Pictured: Facade of Novartis building in Switzerland

Pictured: Facade of Novartis building in Switzerland

With back-to-back victories in IgA nephropathy and C3 glomerulopathy, Novartis on Saturday said it is planning to make regulatory submissions for the rare kidney diseases this year.

Novartis on Saturday posted two promising Phase III readouts in rare kidney diseases, setting the pharma up for two potential approvals in the space. The company presented these data at the European Renal Association Congress over the weekend.

Results from the Phase III ALIGN study showed that at 36 weeks, Novartis’ investigational endothelin A (ETA) receptor antagonist atrasentan reduced proteinuria by 36.1% in patients with IgA nephropathy (IgAN), compared with placebo. ALIGN tested atrasentan in combination with supportive care, which consists of the maximally tolerated stable dose of renin-angiotensin system (RAS) inhibitor.

In terms of safety, ALIGN found that atrasentan had a favorable overall profile and its adverse events were consistent with what had previously been reported in other studies.

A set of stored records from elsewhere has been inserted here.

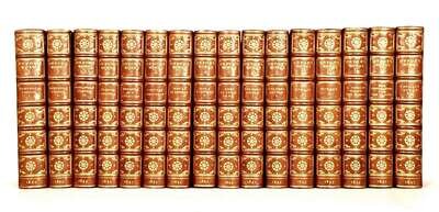16 vols. Small 8vo, contemporary 3/4 crushed brown niger morroco and cloth, gilt, richly gilt spine compartments, t.e.g., other edges rough cut, raised bands; occasionally scuffed, small losses at head bands of vols. 6, 7, 8, and 14 by Morrell. Portrait and photogravure plates after J. B. Yates. Internally clean, untrimmed.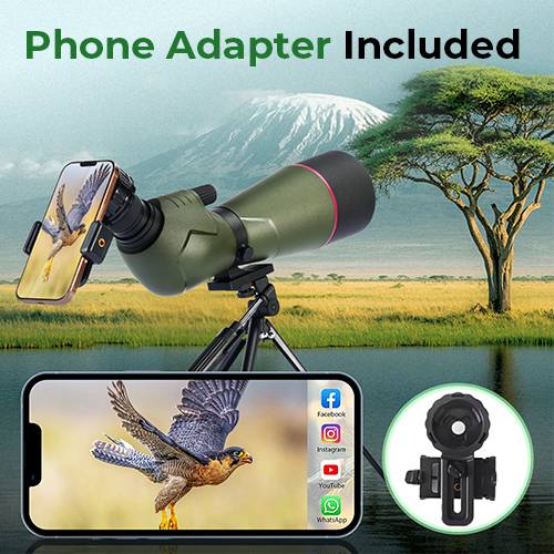 Den medfølgende smartphoneadapter gør det nemt at fastgøre din telefon til kikkerskoptet til fugletitsyn, hvilket omdanner den til et kraftfuldt teleobjektiv. Tag detaljerede billeder og videoer af fugle, optag sjældne øjeblikke, og del dine observationer med det samme—ingen ekstra tilbehør nødvendigt.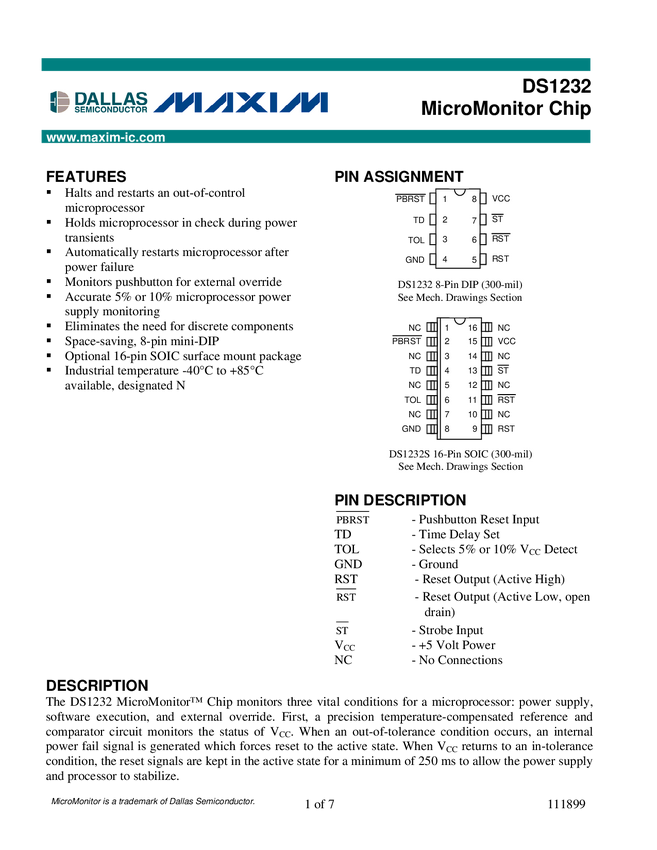 DS1232+ Maxim Integrated DS1232+ PMIC - pomiar energii przewlekany tuba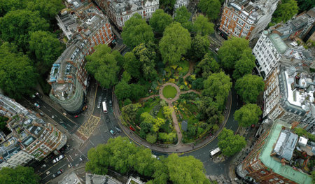Aerial perspective reveals a circular park filled with green trees and pathways, surrounded by urban architecture, creating a peaceful retreat in the bustling city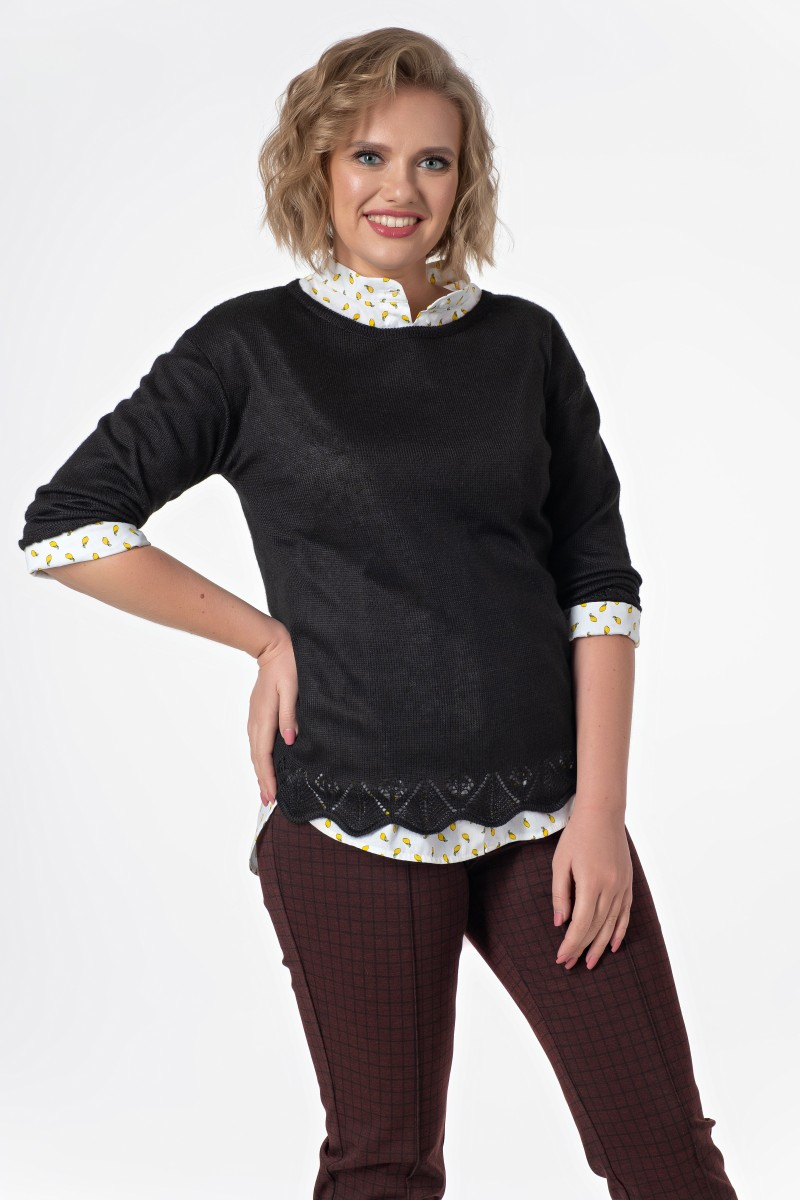 Черный джемпер прямого силуэта с изящными ажурными деталями по краям создает ощущение легкой элегантности. Мягкий трикотаж окутывает силуэт не сковывая движений а круглый вырез подчеркивает линию шеи.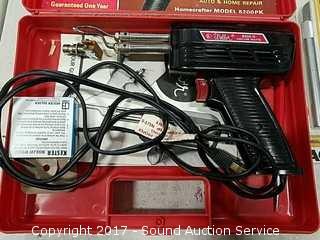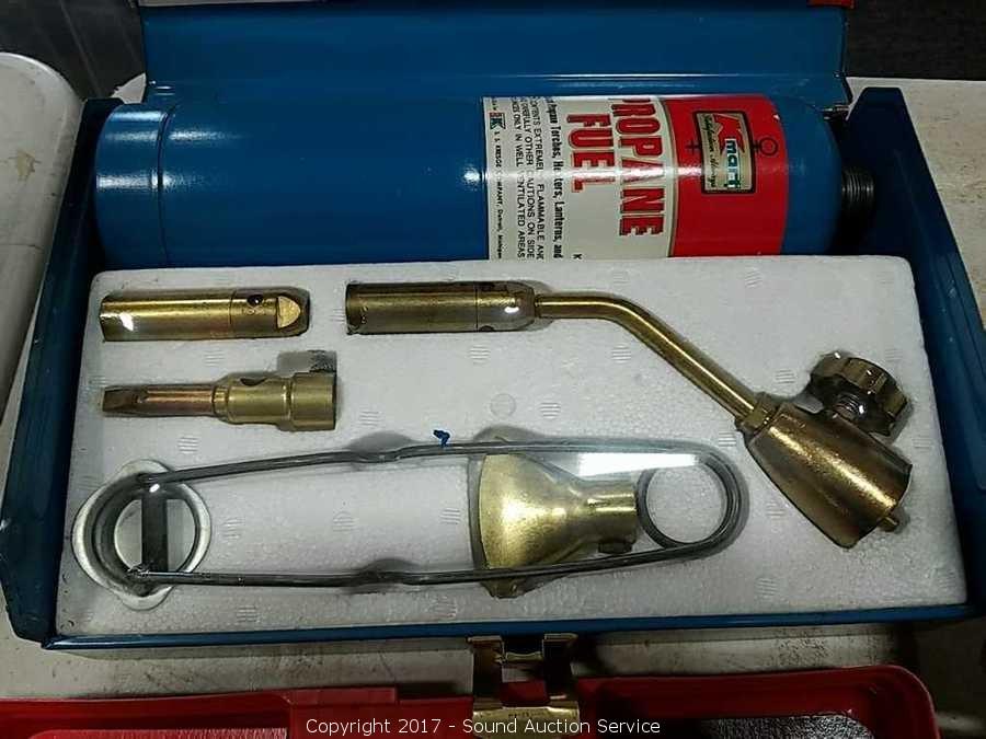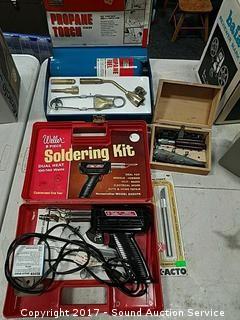Comes with propane torch, soldering gun, exacto knives.

Novartis said it is “on track” to submit a regulatory application for atrasentan with the FDA in the first half of 2024. ALIGN is an ongoing double-blind, placebo-controlled Phase III trial. Final analysis from the study is expected in 2026.

David Soergel, global head of Novartis’ cardiovascular, renal and metabolism development unit, in a statement said that these results underscore atrasentan’s “potential to help transform how IgAN is managed.”

Designed to be orally available, atrasentan is an investigational ETA receptor agonist with anti-inflammatory and anti-fibrotic effects, countering proteinuria and preserving kidney function in IgAN. Novartis was originally discovered by Chinook Therapeutics, which Novartis acquired in June 2023 for $3.5 billion.

Novartis on Saturday also unveiled data from the Phase III APPEAR-C3G study, demonstrating that its factor B blocker Fabhalta (iptacopan) can reduce proteinuria by 35.1% at six months when used on top of supportive care in patients with C3 glomerulopathy (C3G). This effect was statistically significant versus placebo, with a p-value of 0.0014, according to the company.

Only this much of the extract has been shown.